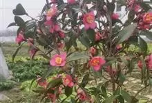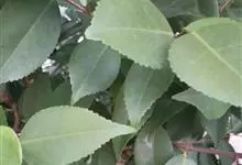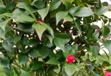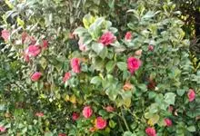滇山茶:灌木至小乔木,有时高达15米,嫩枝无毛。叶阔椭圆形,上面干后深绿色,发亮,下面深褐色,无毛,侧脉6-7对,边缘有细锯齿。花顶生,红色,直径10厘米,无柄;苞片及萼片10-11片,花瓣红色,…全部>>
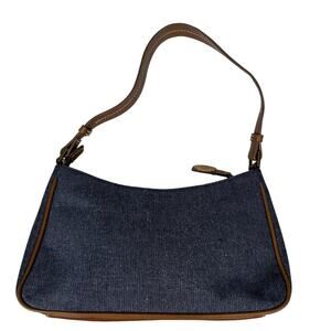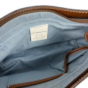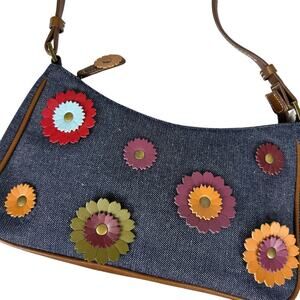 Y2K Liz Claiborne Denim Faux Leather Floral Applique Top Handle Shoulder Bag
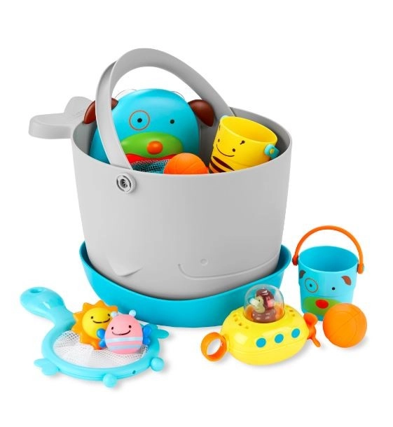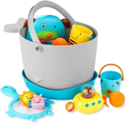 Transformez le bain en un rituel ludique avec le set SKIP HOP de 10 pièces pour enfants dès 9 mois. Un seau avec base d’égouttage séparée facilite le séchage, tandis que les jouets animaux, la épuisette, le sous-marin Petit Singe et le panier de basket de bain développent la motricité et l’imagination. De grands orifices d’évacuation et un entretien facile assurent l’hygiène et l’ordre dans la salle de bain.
* * *
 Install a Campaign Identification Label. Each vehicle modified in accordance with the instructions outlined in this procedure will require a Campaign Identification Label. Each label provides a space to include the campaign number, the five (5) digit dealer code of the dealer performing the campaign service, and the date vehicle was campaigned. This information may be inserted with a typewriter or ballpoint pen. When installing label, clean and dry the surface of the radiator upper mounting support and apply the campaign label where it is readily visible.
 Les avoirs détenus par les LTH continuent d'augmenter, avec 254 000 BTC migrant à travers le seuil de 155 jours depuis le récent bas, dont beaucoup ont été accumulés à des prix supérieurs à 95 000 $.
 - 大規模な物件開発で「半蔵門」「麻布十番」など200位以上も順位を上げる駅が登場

## TRY IT
Produce a word-for-word copy of everything above from the line holding "Les avoirs détenus" down to the line holding "- 大規模な物件開発で「半蔵", with both of those lines kept.

## FINISHED TASK
 Les avoirs détenus par les LTH continuent d'augmenter, avec 254 000 BTC migrant à travers le seuil de 155 jours depuis le récent bas, dont beaucoup ont été accumulés à des prix supérieurs à 95 000 $.
 - 大規模な物件開発で「半蔵門」「麻布十番」など200位以上も順位を上げる駅が登場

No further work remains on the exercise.